My last day's assignment is different. I have to get closer and talk to them. It is Monday, 6 August. I arrive at Uganda House at midday. I have a box of Safi drink and milk biscuits and start distributing to the children and the women. I also give each woman sh1,000 to earn their trust.
I then ask if one of them can stay with me because I need to get some information. One volunteers and the rest go back to their begging stations.
She says she is Alice Achu, her baby is from an Itesot man who got tired of being on the streets and returned to Soroti. I learn that the women are impregnated by fellow beggars on the street. At 20, Alice already has four children, her fi rst coming at the age of 14, out of rape on the streets, she says.
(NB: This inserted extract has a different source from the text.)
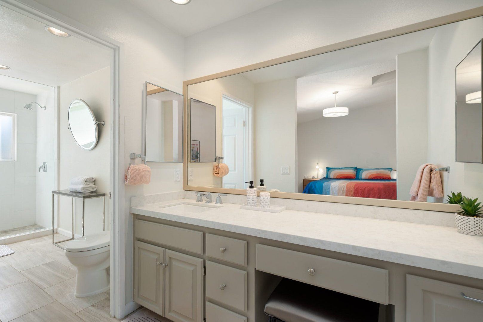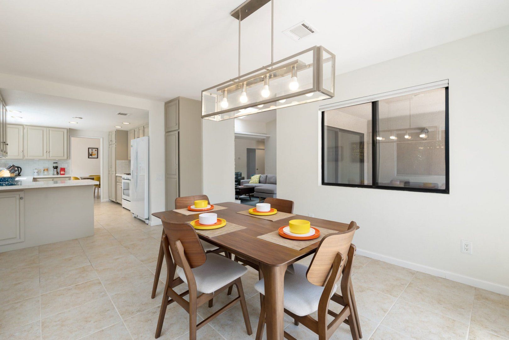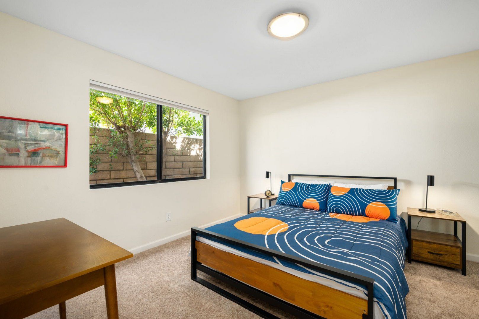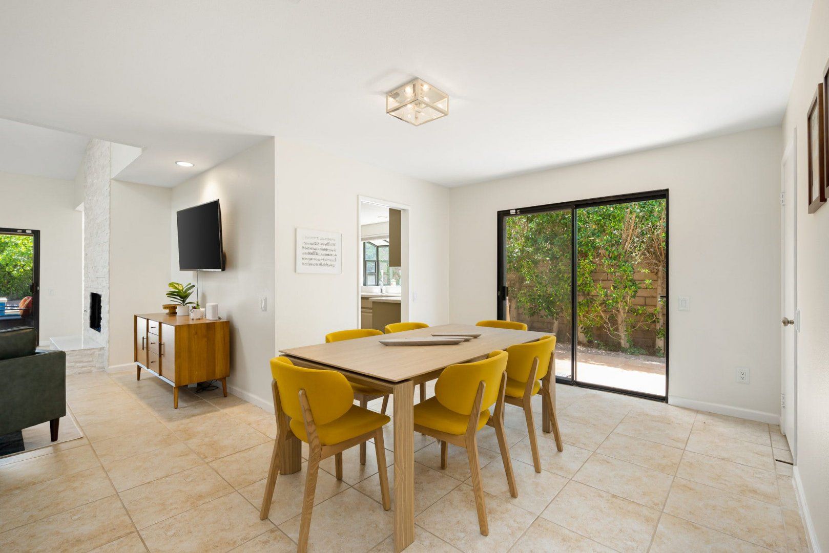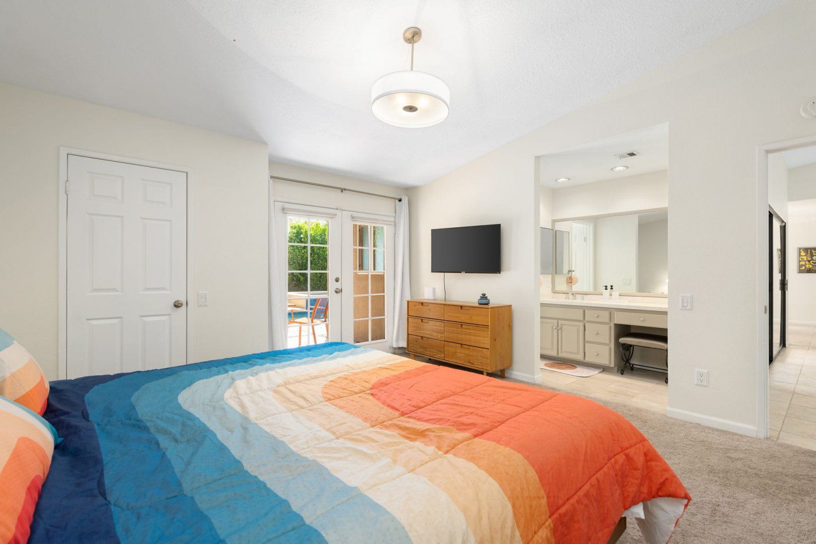 Between the country clubs and golf courses of Rancho Mirage, this mid-century-style bungalow sees some of the prettiest desert sunsets every evening. There’s a supermarket just around the corner and the centre of Palm Springs is a twenty-minute drive away. Bikes are available for those who want to explore on two wheels. The private pool and Jacuzzi provide a tonic for hot desert days and, come twilight, you can admire the silhouette of the San Jacinto mountains. The space inside has been designed to remain cool throughout the day and a fireplace in the living room can keep the evening chill at bay.
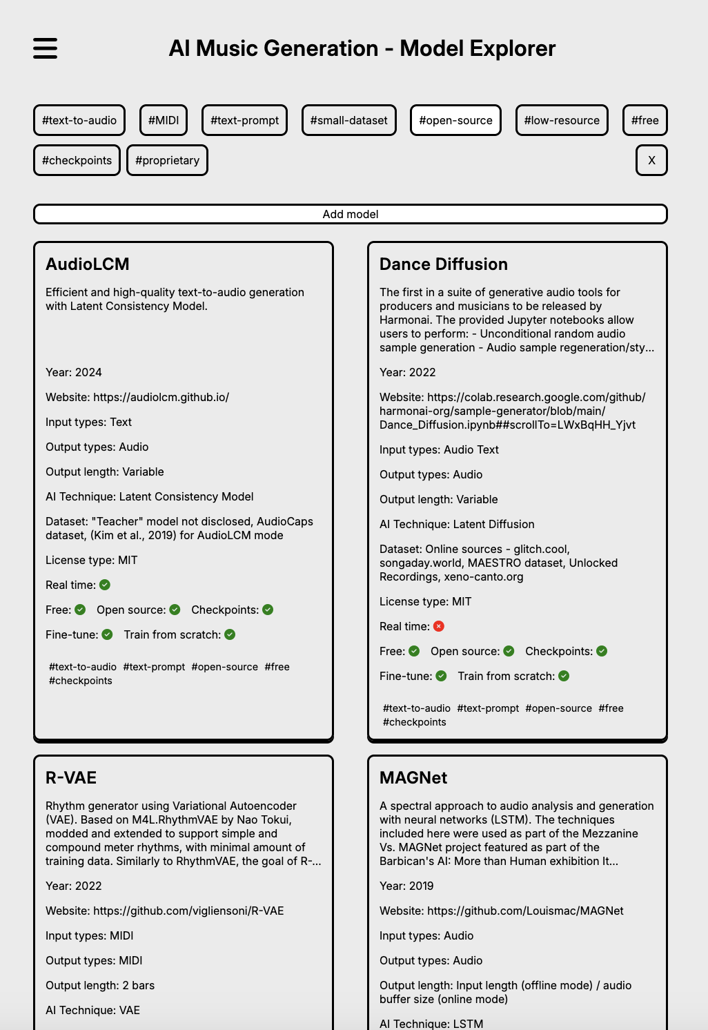 It aims to promote low-resource AI models and link to open-access, non-profit archival repositories and AI models which are mostly excluded from other listings. The filtering options and features of AI models captured in the repository are focussed on features of AI models that support innovation in music making and challenge existing dominant deep-learning models. This repository supports open and editable lists of AI models, their training datasets, possibility of fine-tuning and control, licensing, and input and output types. The collection can be filtered by these properties, helping identify models which could be trained from scratch or fine-tuned on small datasets.

Achu came from Moroto and has been on the Kampala streets for six years. She was lured to Kampala by a friend who convinced her there were jobs in the city.
Her four children help her earn more money. Sometimes, women 'borrow' children and pay the mother a commission after work in the evening, she says.
Their day begins with a trip to Owino Market to pick the grains and other foods which fall as traders offload trucks. They cook, eat and then come to work. Achu sleeps in Kisenyi at Mama Dalla's house, where she pays sh500 every night.
How do they ease themselves on the streets? "We pay sh200 for the public toilet. It is not good to be dirty. You can fall sick if you are dirty," she answers.
On a good day, Achu says she can earn sh15,000. "I can meet a good person and he says: go and buy passion juice for the baby. On a bad day, I earn sh3,000. There are also days I go back empty-handed."
She uses the money to buy food. She also pays for accommodation, toilet and medical treatment. On a bad day, she picks garbage like chicken feet and heads and cooks with discarded tomatoes.
Work stations have their own politics. Some women do not allow a new member to 'work' from their begging station.
"For me, I do not mind, but some people do not allow strangers to invade their space." "How do you handle menstruation?" I inquire. "We pad ourselves with a piece of cloth. Later on, we wash it and keep it well for the next month."